* [What is needed]: Would you please retype, exactly, the lines of the listing below between the line with "Bath with mains" and the line with "On the 2nd floor: (open", inclusive?

* [Material provided]:
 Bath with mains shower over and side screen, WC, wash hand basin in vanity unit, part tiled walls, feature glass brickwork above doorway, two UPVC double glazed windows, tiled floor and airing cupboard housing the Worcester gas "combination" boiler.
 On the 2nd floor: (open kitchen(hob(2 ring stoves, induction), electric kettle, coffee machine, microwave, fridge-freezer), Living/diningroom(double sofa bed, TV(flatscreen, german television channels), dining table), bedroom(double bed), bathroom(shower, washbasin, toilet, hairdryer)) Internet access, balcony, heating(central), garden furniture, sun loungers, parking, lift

--

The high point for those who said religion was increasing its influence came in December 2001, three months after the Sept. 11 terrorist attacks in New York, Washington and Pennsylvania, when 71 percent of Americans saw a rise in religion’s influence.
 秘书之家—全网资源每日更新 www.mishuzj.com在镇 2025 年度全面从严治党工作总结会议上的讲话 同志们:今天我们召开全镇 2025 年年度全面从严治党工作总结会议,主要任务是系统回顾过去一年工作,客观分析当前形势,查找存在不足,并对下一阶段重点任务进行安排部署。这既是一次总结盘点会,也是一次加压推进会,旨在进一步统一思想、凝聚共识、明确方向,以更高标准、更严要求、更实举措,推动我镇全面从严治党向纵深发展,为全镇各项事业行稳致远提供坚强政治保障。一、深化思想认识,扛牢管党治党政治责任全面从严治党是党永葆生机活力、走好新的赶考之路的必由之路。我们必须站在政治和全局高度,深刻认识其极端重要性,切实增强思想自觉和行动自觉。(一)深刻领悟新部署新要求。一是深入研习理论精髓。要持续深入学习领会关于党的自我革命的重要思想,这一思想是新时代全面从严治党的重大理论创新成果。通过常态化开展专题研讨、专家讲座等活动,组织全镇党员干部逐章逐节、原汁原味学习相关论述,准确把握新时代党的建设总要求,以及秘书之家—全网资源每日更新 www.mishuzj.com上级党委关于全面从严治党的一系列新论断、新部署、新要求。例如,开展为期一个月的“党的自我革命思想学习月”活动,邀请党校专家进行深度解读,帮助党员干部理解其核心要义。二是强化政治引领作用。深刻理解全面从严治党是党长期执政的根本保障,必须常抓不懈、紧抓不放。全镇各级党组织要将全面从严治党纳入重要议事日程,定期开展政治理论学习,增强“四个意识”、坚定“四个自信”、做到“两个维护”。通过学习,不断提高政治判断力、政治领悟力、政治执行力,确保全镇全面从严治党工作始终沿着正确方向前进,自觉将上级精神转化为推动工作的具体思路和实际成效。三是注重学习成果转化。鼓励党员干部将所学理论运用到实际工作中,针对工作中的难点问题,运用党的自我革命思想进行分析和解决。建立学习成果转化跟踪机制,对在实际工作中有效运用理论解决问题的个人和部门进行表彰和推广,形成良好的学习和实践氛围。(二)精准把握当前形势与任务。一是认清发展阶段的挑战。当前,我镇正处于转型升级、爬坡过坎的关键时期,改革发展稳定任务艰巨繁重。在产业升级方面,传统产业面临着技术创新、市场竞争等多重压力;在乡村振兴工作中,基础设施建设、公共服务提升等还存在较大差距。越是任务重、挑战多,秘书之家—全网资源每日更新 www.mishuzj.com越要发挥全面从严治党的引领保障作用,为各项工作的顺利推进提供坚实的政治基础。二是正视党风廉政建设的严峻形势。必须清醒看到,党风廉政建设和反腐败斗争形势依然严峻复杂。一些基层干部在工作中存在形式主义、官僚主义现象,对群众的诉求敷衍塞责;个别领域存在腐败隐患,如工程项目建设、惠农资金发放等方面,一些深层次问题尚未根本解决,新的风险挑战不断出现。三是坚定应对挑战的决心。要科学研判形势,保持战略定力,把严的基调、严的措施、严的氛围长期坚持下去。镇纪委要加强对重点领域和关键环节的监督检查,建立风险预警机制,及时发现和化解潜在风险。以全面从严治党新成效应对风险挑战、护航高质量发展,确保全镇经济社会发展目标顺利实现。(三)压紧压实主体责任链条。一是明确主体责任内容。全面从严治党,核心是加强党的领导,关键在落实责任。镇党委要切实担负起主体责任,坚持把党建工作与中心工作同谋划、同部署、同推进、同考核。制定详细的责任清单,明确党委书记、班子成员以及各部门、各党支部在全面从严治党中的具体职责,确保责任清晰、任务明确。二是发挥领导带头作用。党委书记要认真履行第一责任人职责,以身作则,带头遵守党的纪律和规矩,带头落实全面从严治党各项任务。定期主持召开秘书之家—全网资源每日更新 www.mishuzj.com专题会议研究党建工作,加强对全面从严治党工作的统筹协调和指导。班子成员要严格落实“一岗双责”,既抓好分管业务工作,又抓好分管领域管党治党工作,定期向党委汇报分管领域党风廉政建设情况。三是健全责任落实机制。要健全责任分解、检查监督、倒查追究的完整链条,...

* [Final answer]:
 Bath with mains shower over and side screen, WC, wash hand basin in vanity unit, part tiled walls, feature glass brickwork above doorway, two UPVC double glazed windows, tiled floor and airing cupboard housing the Worcester gas "combination" boiler.
 On the 2nd floor: (open kitchen(hob(2 ring stoves, induction), electric kettle, coffee machine, microwave, fridge-freezer), Living/diningroom(double sofa bed, TV(flatscreen, german television channels), dining table), bedroom(double bed), bathroom(shower, washbasin, toilet, hairdryer)) Internet access, balcony, heating(central), garden furniture, sun loungers, parking, lift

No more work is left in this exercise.